## [EXERCISE OBJECTIVE]
Since the listing below shows pictures, leave them out and write out exactly the lines from the line with "Добавляем сахар и" to the line with "今日は、ポンポンをつけて、3", both included, and no others.

## [TASK INPUT]
——————————

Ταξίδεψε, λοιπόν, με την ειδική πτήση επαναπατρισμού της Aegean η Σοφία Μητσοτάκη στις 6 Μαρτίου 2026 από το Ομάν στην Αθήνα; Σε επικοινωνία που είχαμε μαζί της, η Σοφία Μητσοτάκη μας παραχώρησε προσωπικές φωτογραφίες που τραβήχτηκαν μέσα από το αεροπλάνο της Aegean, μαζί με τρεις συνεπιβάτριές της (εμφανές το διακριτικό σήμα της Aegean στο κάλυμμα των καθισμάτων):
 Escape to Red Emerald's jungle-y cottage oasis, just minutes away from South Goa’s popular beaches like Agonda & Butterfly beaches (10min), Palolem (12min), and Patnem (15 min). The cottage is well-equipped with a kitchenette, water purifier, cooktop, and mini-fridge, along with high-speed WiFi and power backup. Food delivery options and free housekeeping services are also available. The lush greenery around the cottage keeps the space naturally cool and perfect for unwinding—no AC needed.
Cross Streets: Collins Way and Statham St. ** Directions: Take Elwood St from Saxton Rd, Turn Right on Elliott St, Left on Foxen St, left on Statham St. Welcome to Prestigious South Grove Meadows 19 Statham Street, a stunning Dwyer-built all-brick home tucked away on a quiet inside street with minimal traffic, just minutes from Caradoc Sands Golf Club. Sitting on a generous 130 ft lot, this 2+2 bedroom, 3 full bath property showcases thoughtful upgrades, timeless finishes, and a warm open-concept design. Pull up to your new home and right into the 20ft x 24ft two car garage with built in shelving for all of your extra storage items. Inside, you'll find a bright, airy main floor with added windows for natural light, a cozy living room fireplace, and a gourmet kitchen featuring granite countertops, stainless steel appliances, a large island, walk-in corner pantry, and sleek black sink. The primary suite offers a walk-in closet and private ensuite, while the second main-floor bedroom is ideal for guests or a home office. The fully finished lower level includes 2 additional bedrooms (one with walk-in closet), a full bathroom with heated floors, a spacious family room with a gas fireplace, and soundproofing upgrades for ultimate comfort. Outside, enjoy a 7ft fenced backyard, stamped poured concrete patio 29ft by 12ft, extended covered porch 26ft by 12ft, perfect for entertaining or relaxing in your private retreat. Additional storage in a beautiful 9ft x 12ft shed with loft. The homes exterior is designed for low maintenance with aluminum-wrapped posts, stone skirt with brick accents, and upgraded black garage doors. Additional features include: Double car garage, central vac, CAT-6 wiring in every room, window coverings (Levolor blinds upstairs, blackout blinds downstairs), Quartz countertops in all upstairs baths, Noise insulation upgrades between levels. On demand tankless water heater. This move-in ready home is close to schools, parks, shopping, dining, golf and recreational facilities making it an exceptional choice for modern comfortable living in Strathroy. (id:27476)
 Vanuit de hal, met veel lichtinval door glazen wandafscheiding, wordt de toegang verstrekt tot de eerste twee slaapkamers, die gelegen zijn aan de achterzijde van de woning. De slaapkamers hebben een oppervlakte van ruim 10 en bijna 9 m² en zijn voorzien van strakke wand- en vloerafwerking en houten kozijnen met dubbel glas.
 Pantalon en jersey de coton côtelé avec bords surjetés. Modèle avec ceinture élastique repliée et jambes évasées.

——————————

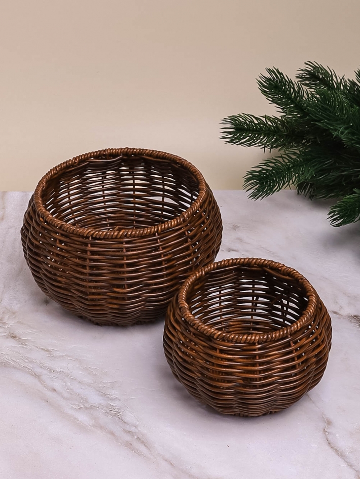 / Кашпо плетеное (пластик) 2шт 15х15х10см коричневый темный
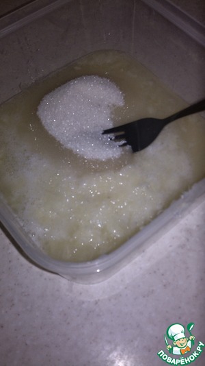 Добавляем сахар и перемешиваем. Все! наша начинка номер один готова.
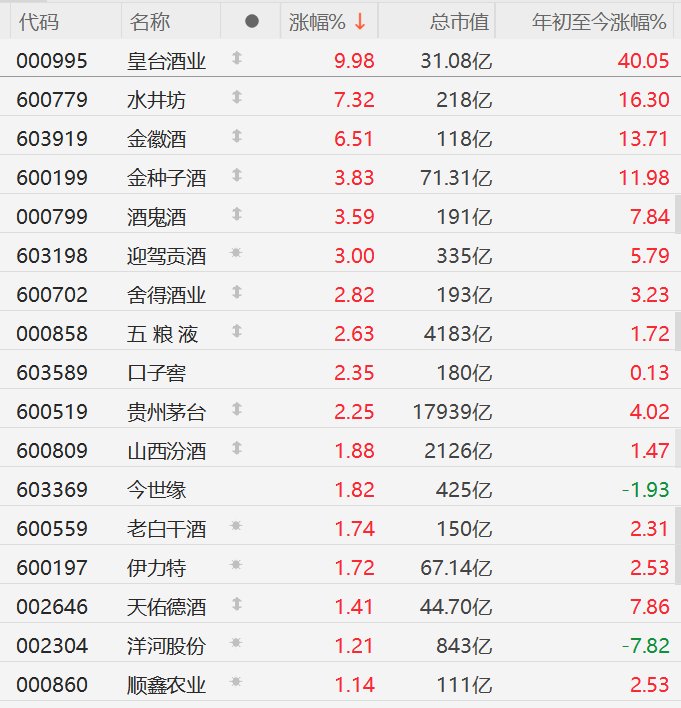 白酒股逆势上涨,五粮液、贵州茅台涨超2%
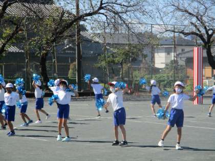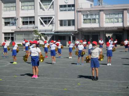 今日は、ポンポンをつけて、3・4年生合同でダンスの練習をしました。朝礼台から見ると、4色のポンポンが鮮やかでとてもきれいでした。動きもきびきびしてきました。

——————————

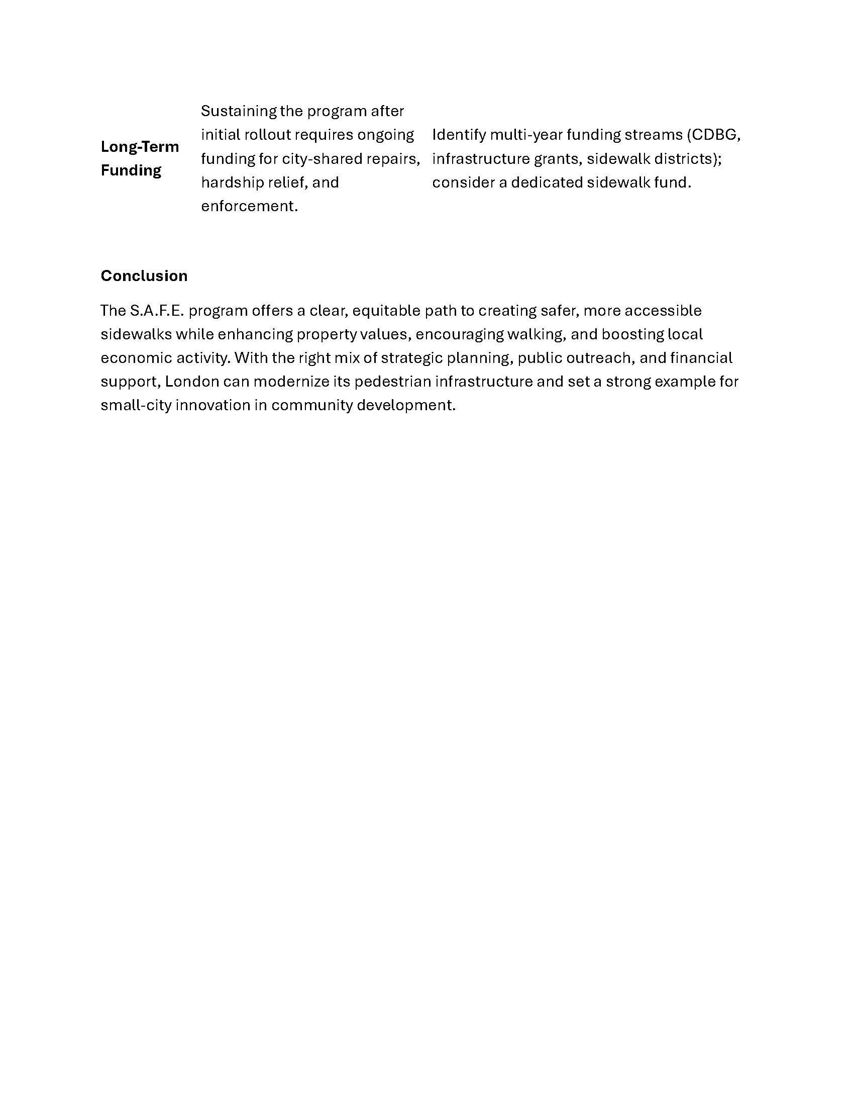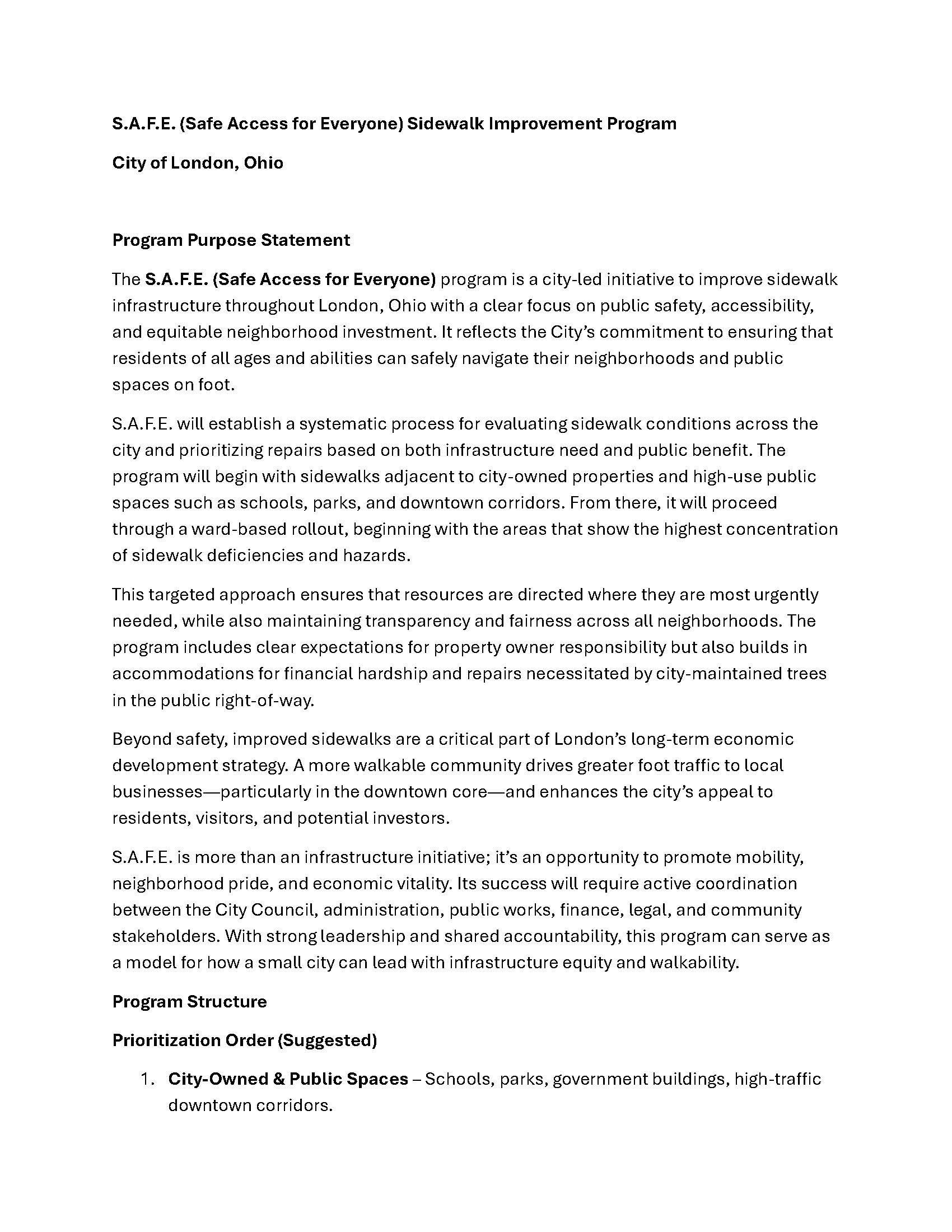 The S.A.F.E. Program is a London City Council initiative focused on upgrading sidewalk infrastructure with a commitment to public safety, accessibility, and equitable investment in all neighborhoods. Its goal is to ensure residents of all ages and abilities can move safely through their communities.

——————————

## [OUTPUT FOR THIS EXERCISE]
 Добавляем сахар и перемешиваем. Все! наша начинка номер один готова.
 白酒股逆势上涨,五粮液、贵州茅台涨超2%
 今日は、ポンポンをつけて、3・4年生合同でダンスの練習をしました。朝礼台から見ると、4色のポンポンが鮮やかでとてもきれいでした。動きもきびきびしてきました。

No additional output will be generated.